Oct

04

2010

Trevin Wax|3:52 am CT

Thoughts on Christianity Today's Profile of Albert Mohler
Thoughts on Christianity Today's Profile of Albert Mohler avatar

The cover story of this month’s Christianity Today is a lengthy profile of Albert Mohler, president of the Southern Baptist Theological Seminary. The story is written by Molly Worthen, a writer and journalist finishing her Ph.D. at Yale. The article covers the history of the Conservative Resurgence in the Southern Baptist Convention as well as Mohler’s influence in the wider world of evangelicalism. After reading the story a few times, I wanted to weigh in with some thoughts.

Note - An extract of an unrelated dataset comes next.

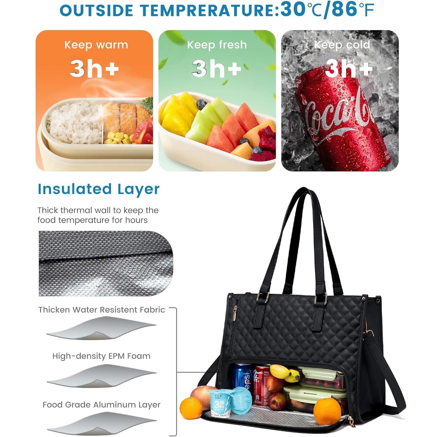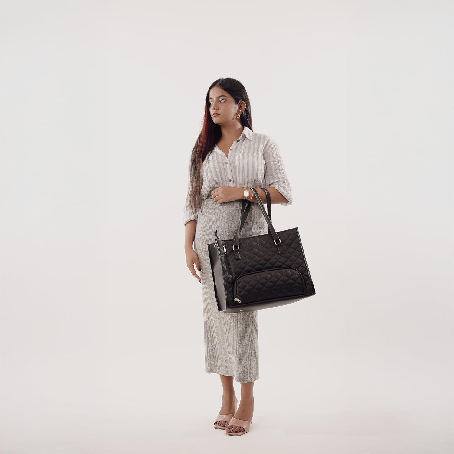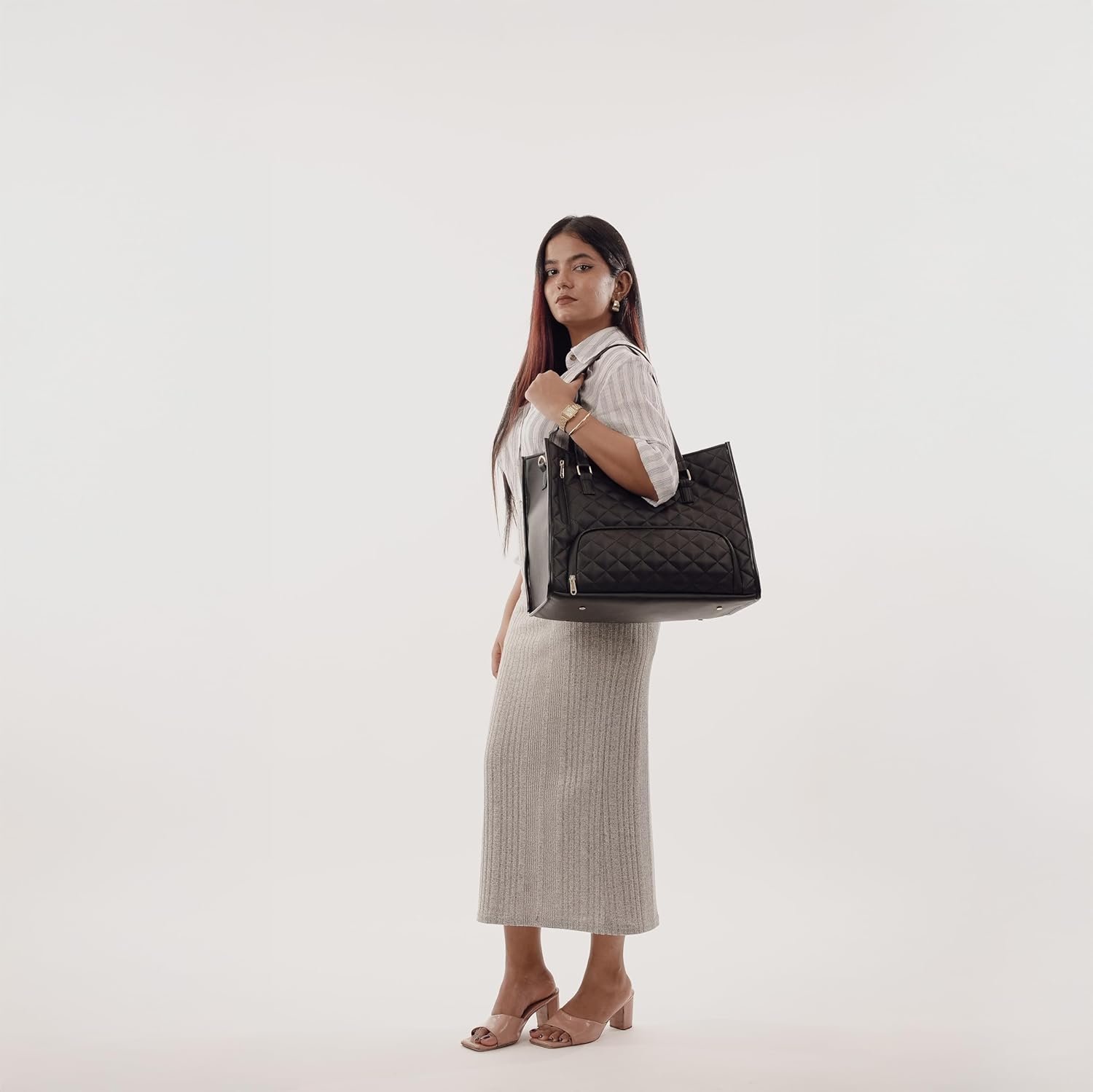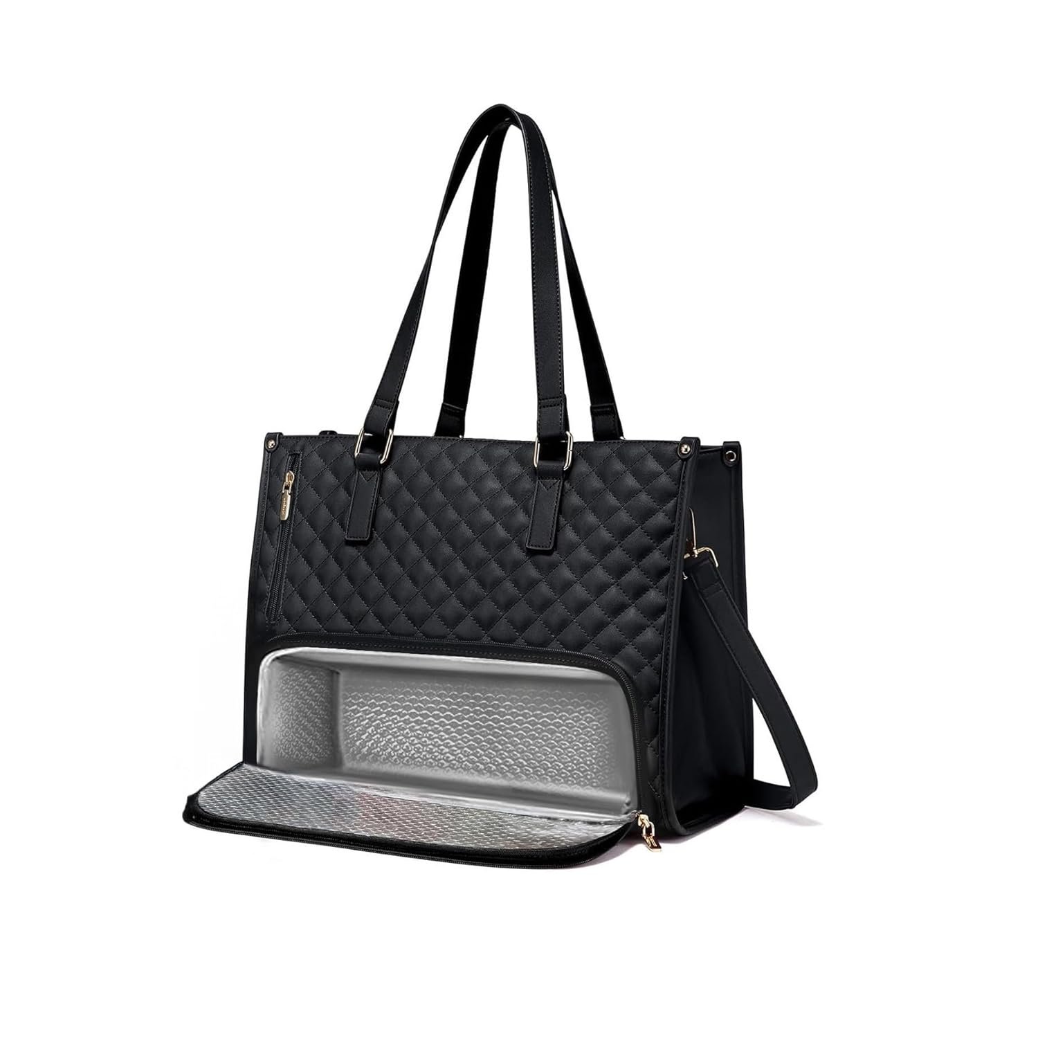 Elevate your professional style with this sophisticated quilted work bag that perfectly balances fashion and functionality. The innovative design features a dedicated insulated lunch compartment, allowing you to carry your meals alongside your work essentials while maintaining temperature control. The spacious main compartment accommodates laptops and documents, while the quilted exterior adds a touch of luxury to your everyday carry. Crafted with durable materials and adorned with elegant gold-tone hardware, this versatile tote includes comfortable shoulder straps and a matching quilted wristlet. The bag’s clever organisation helps separate your lunch containers, drinks, and snacks from your professional items, making it ideal for busy professionals who value both style and practicality. The classic black colour and timeless design ensure this bag coordinates seamlessly with any office attire, while its generous dimensions provide ample space for all your daily necessities

First, I deplore the way that many evangelicals (particularly those in the conservative circles I run in) belittle Christianity Today. I’ve heard the jokes: Christianity Astray, Capitulation Today etc. Some dismiss CT as if the magazine never takes strong stands based on solid biblical reflection.

I have critiqued CT articles from time to time, but I don’t join the chorus of constant CT-critics. Generally speaking, the issues I sometimes have with CT’s coverage tend to be issues I have with the prevailing sentiments of evangelicalism. CT provides a snapshot of the para-church big-tent wing of evangelicalism, a tent that encompasses Christians with different views on a number of important issues. If I were to agree with everything I read in CT, I would no longer be reading the type of publication that CT seeks to be: an evangelical magazine that speaks from and to village-green evangelicalism.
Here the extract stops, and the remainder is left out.